Write the listing out once more, identical to the original but without pictures.

> _Supplied material_
BEGIN

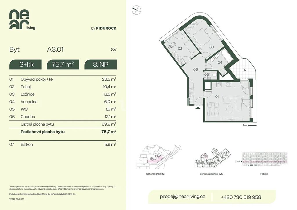 Nabízíme k prodeji byt 3+kk o podlahové ploše 75,7 m² s balkonem 5,9 m² v developerském projektu NEAR living v Praze 8, vznikajícím na pomezí Palmovky a Karlína.
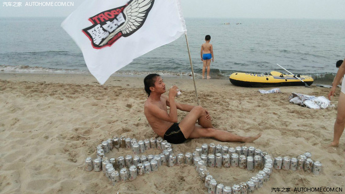 小肚吃的饱饱的,准备下海,翡翠岛门票75元每位,由于本群热爱野景,抄小路到达了黄金海岸,不过人还不少,但是效果是一样的,海浪也是哗哗的,人都是乐的嘎嘎的,本车队的那面大旗,高高竖起大海边,好多车队也来捧场拍照,自由翼也有了属于他的番号
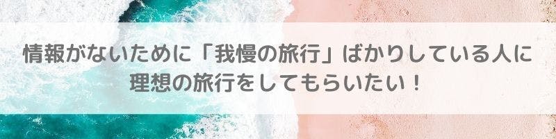 我慢せずに理想の形で旅をしてほしい!

END

> _Problem solution_
 Nabízíme k prodeji byt 3+kk o podlahové ploše 75,7 m² s balkonem 5,9 m² v developerském projektu NEAR living v Praze 8, vznikajícím na pomezí Palmovky a Karlína.
 小肚吃的饱饱的,准备下海,翡翠岛门票75元每位,由于本群热爱野景,抄小路到达了黄金海岸,不过人还不少,但是效果是一样的,海浪也是哗哗的,人都是乐的嘎嘎的,本车队的那面大旗,高高竖起大海边,好多车队也来捧场拍照,自由翼也有了属于他的番号
 我慢せずに理想の形で旅をしてほしい!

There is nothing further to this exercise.